Work order:
Full transcription, minus images: write out the listing below exactly as it appears.

Data section:
┌──

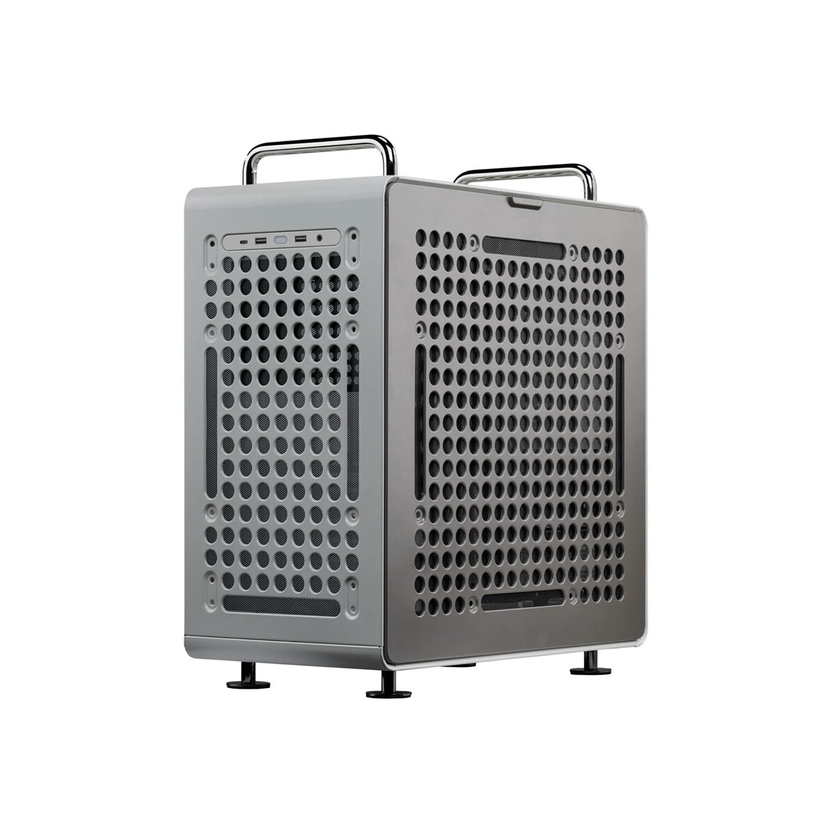 Az új Cooler Master QUBE 540-et egy rendkívül sokoldalúan felhasználható PC házként hirdetik, viszonylag alacsony áron. Méretei (42,5 x 42,5 x 22,5 cm) kompatibilissé teszik az ITX és E-ATX formátumú alaplapokkal, valamint az akár 41,5 cm hosszú grafikus kártyákkal. Az elülső, hátsó oldalon található nagy kör alakú nyílások segítségével a tartozékok közvetlenül a tokhoz rögzíthetők.
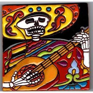 Skeleton Playing Guitar Tile Coaster
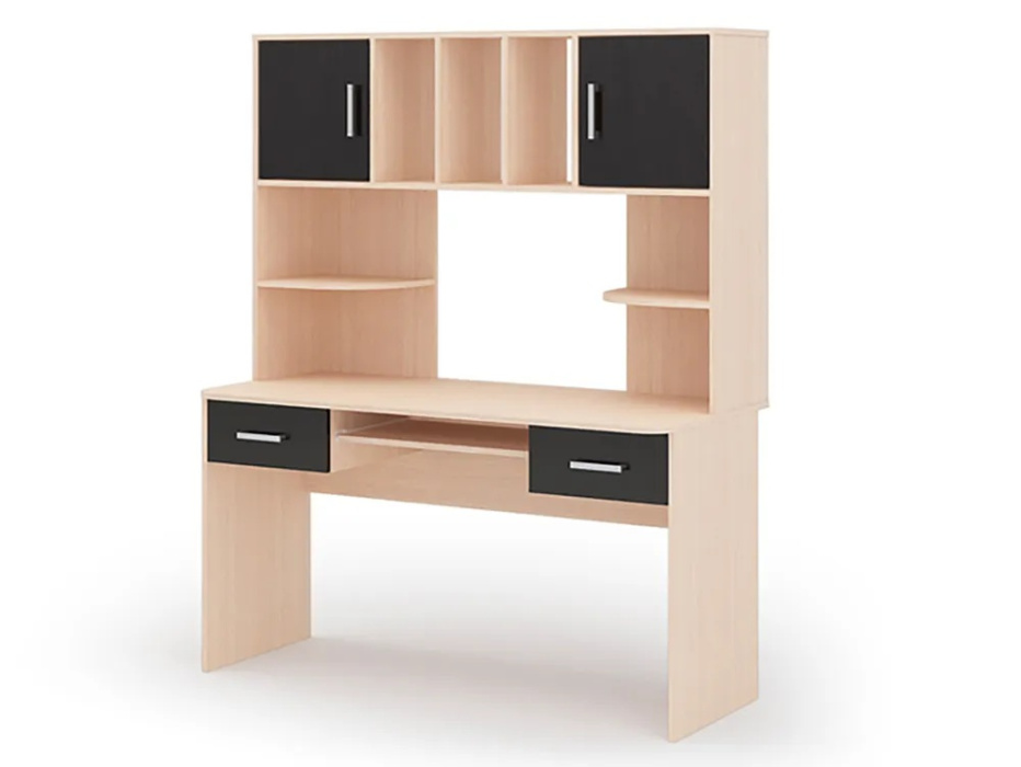 Стол компьютерный №8 Стендмебель станет основным элементом для обустройства достаточно комфортного рабочего места. Под столешницей находится выдвижная полка для клавиатуры. Надстройка и открытые полочки пригодятся для размещения аудио-колонок и различных декоративных предметов, которые будут вас радовать. Два вместительных выдвижных ящика и отделения с глухими дверцами созданы для хранения канцелярских и прочих необходимых принадлежностей.

└──

Task answer:
 Az új Cooler Master QUBE 540-et egy rendkívül sokoldalúan felhasználható PC házként hirdetik, viszonylag alacsony áron. Méretei (42,5 x 42,5 x 22,5 cm) kompatibilissé teszik az ITX és E-ATX formátumú alaplapokkal, valamint az akár 41,5 cm hosszú grafikus kártyákkal. Az elülső, hátsó oldalon található nagy kör alakú nyílások segítségével a tartozékok közvetlenül a tokhoz rögzíthetők.
 Skeleton Playing Guitar Tile Coaster
 Стол компьютерный №8 Стендмебель станет основным элементом для обустройства достаточно комфортного рабочего места. Под столешницей находится выдвижная полка для клавиатуры. Надстройка и открытые полочки пригодятся для размещения аудио-колонок и различных декоративных предметов, которые будут вас радовать. Два вместительных выдвижных ящика и отделения с глухими дверцами созданы для хранения канцелярских и прочих необходимых принадлежностей.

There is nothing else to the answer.